Thursday, November 3, 2011

Neologisms: Friends or Foes?

 

Adorkable: 2. Both dorky and adorable. A higher state of being all dorks strive towards.[1]

I like this newly created term for a few reasons – firstly, because it’s quirky. Secondly, because it puts a positive spin on smart people who may not have been star quarterbacks or head cheerleaders in high school (says the former captain of the marching band and President of the French Club). Nerd smile Thirdly, it’s a perfect example of language adapting to cultural change.

Adorkable Graph 9-28-11

A few months ago, I read an article from BBC news regarding the various Americanisms popping up and how much British people hate them. The original article was so popular among our friends across the pond that the BBC actually posted a follow-up article with reader comments and additional examples of what they consider infuriating new words and/or phrases. As a professional translator, and someone who spent many hours in college learning about language evolution, I found this article very interesting and thought-provoking. Why get so worked up about neologisms when language has always been (and will always be) ever-changing?

Most of us (especially anglophones) probably learned about the various stages of the English language:

English Timeline

The evolution of the French language happened in much the same way (as I’m sure is the case for many other languages):

French timeline

As the world changes, language has no choice but to follow. How else would we tweet about the latest version of the iphone, how much we hate the newest changes to facebook (although I actually like them), or the hottest eco-friendly innovations hitting the market?
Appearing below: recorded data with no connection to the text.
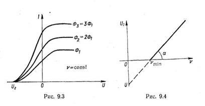 Сила фотоструму зростає зі збільшенням різниці потенціалів і при деякому значенні напруги U досягає насичення (рис. 9.2). Узагальнюючи результати експериментальних даних, встановлено такі закономірності фотоефекту: при сталому спектральному складі світла сила фотоструму / насичення прямо пропорційна світловому потоку Ф, що падає на катод (рис. 9.3); початкова кінетична енергія вивільнених світлом електронів залежить лінійно від частоти світла і не залежить від його інтенсивності (рис. 9.4); фотоефект не виникає, якщо частота світла менша від деякої характерної для даного металу величини vmin; фотоефект — явище безінерційне, тобто з припиненням освітлення поверхні він припиняється.
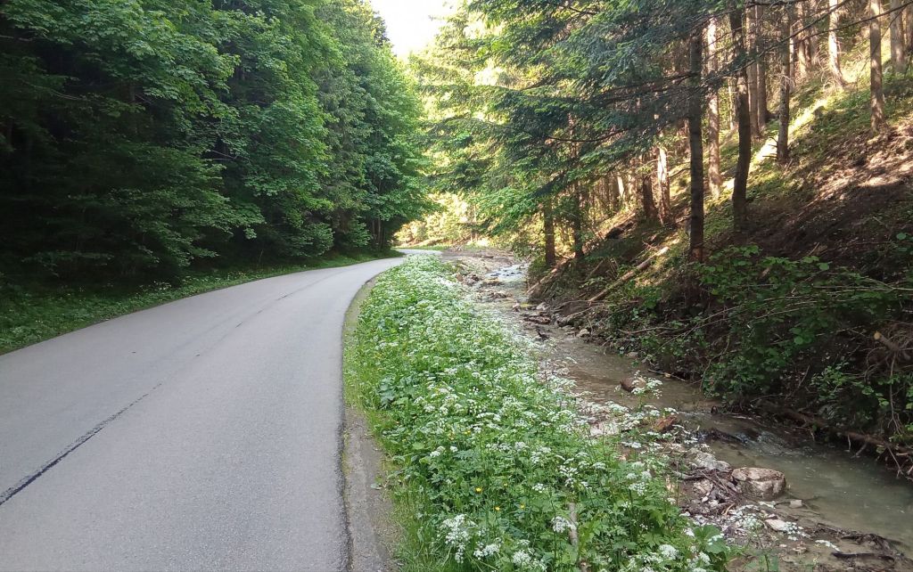 Je grimpe tranquillou sur cette pente régulière à 6 ou 7%. Le cadre est idyllique : la forêt à gauche qui me fait de l’ombre, le torrent à droite et les oiseaux au-dessus qui me font la musique.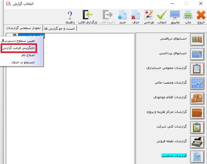 مرحله چهارم: در این مرحله وارد گزارشات شخصی شده و بر روی فرم ساخته شده کلیک راست کرده و گزینه"جایگزینی فرمت گزارش" را انتخاب نمایید و فرمت ارسالی توسط شایگان سیستم را در این قسمت درج نمایید.
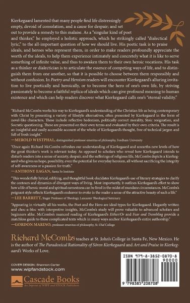 Kierkegaard lamented that many people find life distressingly empty, devoid of consolation, and a cause for despair; and set out to provide a remedy to this malaise. As a "singular kind of poet and thinker," he employed a holistic approach, which he strikingly called "dialectical lyric," to the all-important question of how we should live. His poetic task is to praise ideals, and heroes who represent them, in order to make readers profoundly appreciate the worth of the ideals, to help them experience intimately and concretely what it is like to serve something of infinite value, and thus to awaken them to their own heroic vocations. His task as a thinker or dialectician is to articulate the essence of competing ways of life, and to distinguish them from one another, so that it is possible to choose between them responsibly and without confusion. In Poetry and Heroism readers will encounter Kierkegaard's alluring invitation to live poetically and heroically, or to become the hero of one's own life, by striving passionately to become a faithful replica of ideals which can give profound meaning to human existence and which can help readers discover what Kierkegaard calls one's "eternal validity."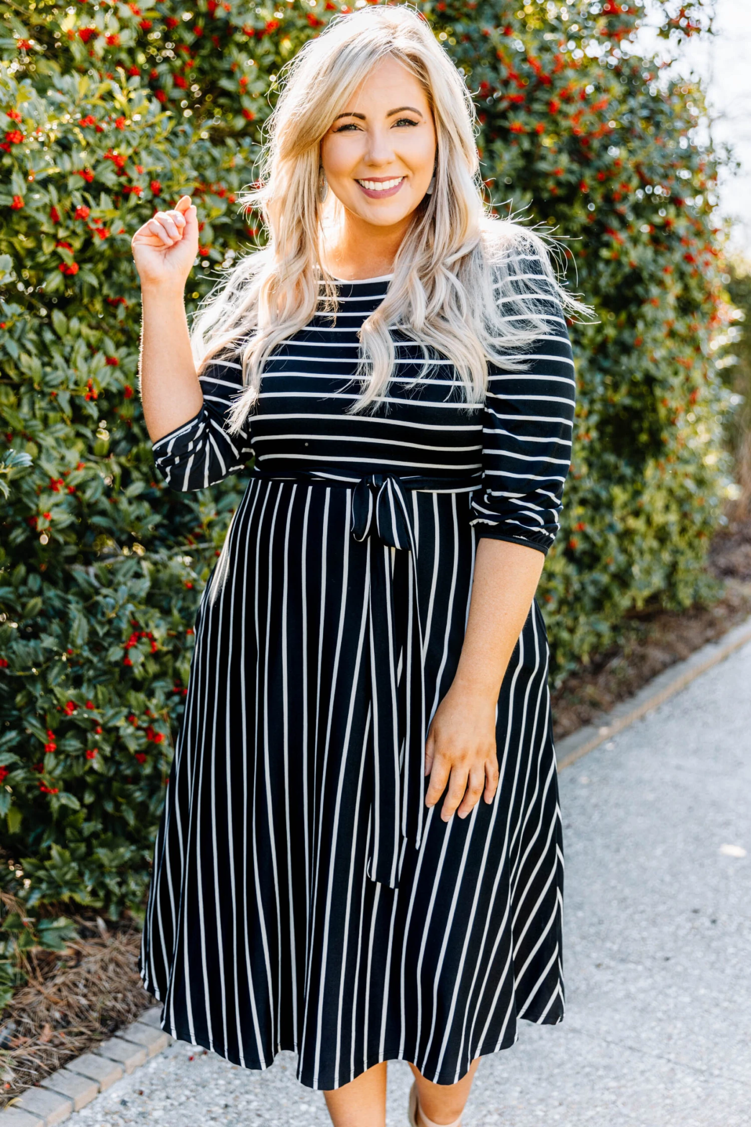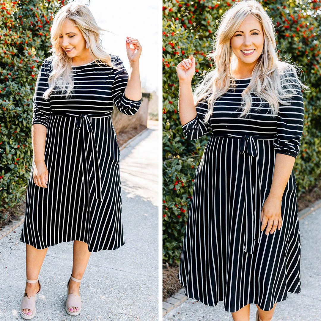 Hold hands with your love when you’re wearing this dress! This dress has the prettiest stripe pattern with a soft black color you can style for every occasion! It’s comfortable for all day wear, has a tied waistline to flatter your figure, and even features pockets! Simply style this dress with heels or wedges for your next date night!Â

As translators and/or interpreters, it is just as important to stay abreast of new words and expressions as it is new translation technologies, because if we don’t know a new word or phrase, how can we translate it?

Therefore, this is what I have to say to the BBC and their Americanism-hating readership:

Let me give you a heads up[2], guys[1] – I’m sorry you’ve got issues[2] with our hike[1] in neologisms that you feel are coming out of left field[1], and the way we pronounce the letter zee[2], but you can’t let it faze[1] you. You’re talented[1] people, so if you want, cut your losses, tap into the now, step up to the plate[1], turn it around, and buck the trend by contributing more of your own neologisms going forward[2], because like it or not, it is what it is[2]. Language evolves whether you’re doing the evolving or not. Period[2].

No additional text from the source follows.